━━ Exercise data ━━

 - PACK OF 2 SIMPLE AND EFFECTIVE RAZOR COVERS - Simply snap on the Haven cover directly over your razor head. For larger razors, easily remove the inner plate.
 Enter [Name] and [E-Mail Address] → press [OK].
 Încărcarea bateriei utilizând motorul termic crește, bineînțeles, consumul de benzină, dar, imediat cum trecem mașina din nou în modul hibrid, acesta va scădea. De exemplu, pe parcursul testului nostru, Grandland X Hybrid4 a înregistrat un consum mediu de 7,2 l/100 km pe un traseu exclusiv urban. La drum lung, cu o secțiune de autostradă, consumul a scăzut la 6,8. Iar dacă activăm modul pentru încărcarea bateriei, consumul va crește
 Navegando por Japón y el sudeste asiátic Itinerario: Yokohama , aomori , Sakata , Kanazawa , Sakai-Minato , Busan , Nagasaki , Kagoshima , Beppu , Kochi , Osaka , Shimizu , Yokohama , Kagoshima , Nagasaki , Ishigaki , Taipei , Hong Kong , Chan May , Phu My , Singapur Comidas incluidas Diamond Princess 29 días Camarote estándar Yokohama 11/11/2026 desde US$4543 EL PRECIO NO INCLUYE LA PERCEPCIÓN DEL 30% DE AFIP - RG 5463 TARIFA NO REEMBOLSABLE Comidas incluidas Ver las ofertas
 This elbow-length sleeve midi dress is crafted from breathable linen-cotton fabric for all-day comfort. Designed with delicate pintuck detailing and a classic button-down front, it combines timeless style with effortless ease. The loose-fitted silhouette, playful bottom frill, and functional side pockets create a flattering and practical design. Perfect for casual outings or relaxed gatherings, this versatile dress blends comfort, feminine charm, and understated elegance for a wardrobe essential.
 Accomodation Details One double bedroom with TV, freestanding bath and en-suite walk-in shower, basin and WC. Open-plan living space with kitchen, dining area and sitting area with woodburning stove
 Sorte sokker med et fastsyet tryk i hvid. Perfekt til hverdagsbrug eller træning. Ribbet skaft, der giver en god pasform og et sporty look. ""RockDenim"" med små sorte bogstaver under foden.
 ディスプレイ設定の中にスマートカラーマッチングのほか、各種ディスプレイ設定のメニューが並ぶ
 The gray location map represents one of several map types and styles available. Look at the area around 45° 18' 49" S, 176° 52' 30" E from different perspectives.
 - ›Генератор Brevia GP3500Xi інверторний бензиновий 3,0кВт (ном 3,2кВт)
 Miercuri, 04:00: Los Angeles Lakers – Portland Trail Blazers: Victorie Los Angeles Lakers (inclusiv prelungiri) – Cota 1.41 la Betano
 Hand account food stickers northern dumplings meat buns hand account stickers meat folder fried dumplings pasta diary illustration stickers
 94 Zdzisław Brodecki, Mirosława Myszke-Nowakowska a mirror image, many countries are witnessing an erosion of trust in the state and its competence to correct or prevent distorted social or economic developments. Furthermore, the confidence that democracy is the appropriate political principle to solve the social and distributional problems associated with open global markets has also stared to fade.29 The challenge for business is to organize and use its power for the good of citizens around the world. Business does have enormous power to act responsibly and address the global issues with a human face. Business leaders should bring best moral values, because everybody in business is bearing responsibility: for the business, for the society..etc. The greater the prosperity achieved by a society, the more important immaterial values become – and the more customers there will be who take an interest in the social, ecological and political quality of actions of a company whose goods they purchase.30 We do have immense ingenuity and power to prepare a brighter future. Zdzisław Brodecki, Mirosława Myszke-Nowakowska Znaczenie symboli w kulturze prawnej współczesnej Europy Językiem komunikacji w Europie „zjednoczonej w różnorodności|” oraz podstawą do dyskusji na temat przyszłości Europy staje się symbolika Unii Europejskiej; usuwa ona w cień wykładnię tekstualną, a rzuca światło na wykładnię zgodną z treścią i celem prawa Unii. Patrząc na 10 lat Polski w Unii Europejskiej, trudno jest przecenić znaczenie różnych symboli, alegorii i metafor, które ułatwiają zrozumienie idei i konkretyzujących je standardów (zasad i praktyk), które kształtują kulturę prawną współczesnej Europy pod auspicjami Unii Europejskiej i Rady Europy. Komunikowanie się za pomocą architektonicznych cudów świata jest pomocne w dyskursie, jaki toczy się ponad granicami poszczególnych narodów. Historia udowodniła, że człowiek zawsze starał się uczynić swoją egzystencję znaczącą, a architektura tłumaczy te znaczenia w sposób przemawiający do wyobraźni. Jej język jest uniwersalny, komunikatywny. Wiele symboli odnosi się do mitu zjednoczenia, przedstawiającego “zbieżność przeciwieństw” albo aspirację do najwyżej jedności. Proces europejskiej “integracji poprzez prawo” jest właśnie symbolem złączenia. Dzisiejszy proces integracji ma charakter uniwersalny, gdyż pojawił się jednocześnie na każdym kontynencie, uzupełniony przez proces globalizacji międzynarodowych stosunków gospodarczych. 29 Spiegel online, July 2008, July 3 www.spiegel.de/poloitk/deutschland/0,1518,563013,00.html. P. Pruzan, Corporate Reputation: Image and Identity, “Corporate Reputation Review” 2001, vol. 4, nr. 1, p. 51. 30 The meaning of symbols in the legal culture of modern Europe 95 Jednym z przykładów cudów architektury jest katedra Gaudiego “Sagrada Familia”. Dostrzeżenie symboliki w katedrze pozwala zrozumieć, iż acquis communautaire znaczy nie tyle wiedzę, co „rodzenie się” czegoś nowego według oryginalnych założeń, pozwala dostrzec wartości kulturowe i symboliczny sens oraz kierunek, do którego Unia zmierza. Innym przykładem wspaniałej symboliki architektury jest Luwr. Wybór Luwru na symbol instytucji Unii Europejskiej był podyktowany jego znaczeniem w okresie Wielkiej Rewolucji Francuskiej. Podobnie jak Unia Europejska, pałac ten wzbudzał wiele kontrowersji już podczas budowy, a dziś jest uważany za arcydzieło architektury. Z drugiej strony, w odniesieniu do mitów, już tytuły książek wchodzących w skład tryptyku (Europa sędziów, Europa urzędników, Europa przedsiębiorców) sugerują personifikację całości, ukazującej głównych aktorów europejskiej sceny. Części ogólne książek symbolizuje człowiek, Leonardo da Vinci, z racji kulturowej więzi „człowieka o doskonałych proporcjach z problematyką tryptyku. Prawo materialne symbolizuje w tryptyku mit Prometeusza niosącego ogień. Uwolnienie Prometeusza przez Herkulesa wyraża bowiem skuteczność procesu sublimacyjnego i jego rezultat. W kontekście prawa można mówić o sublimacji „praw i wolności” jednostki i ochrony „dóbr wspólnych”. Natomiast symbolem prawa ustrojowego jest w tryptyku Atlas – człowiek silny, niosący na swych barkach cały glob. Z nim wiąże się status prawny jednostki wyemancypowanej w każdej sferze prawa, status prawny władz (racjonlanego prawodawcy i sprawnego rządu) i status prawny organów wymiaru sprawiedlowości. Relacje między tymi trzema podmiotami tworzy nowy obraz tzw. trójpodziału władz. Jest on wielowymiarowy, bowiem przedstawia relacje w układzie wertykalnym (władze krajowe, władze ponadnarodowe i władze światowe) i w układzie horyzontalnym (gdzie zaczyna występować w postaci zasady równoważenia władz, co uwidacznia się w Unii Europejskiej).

━━━

— Problem requirements —
One stretch of the lines above is wanted, from the line that contains "Încărcarea bateriei utilizând" through the line that contains "ディスプレイ設定の中にスマー". Output it exactly.

— Task answer —
 Încărcarea bateriei utilizând motorul termic crește, bineînțeles, consumul de benzină, dar, imediat cum trecem mașina din nou în modul hibrid, acesta va scădea. De exemplu, pe parcursul testului nostru, Grandland X Hybrid4 a înregistrat un consum mediu de 7,2 l/100 km pe un traseu exclusiv urban. La drum lung, cu o secțiune de autostradă, consumul a scăzut la 6,8. Iar dacă activăm modul pentru încărcarea bateriei, consumul va crește
 Navegando por Japón y el sudeste asiátic Itinerario: Yokohama , aomori , Sakata , Kanazawa , Sakai-Minato , Busan , Nagasaki , Kagoshima , Beppu , Kochi , Osaka , Shimizu , Yokohama , Kagoshima , Nagasaki , Ishigaki , Taipei , Hong Kong , Chan May , Phu My , Singapur Comidas incluidas Diamond Princess 29 días Camarote estándar Yokohama 11/11/2026 desde US$4543 EL PRECIO NO INCLUYE LA PERCEPCIÓN DEL 30% DE AFIP - RG 5463 TARIFA NO REEMBOLSABLE Comidas incluidas Ver las ofertas
 This elbow-length sleeve midi dress is crafted from breathable linen-cotton fabric for all-day comfort. Designed with delicate pintuck detailing and a classic button-down front, it combines timeless style with effortless ease. The loose-fitted silhouette, playful bottom frill, and functional side pockets create a flattering and practical design. Perfect for casual outings or relaxed gatherings, this versatile dress blends comfort, feminine charm, and understated elegance for a wardrobe essential.
 Accomodation Details One double bedroom with TV, freestanding bath and en-suite walk-in shower, basin and WC. Open-plan living space with kitchen, dining area and sitting area with woodburning stove
 Sorte sokker med et fastsyet tryk i hvid. Perfekt til hverdagsbrug eller træning. Ribbet skaft, der giver en god pasform og et sporty look. ""RockDenim"" med små sorte bogstaver under foden.
 ディスプレイ設定の中にスマートカラーマッチングのほか、各種ディスプレイ設定のメニューが並ぶ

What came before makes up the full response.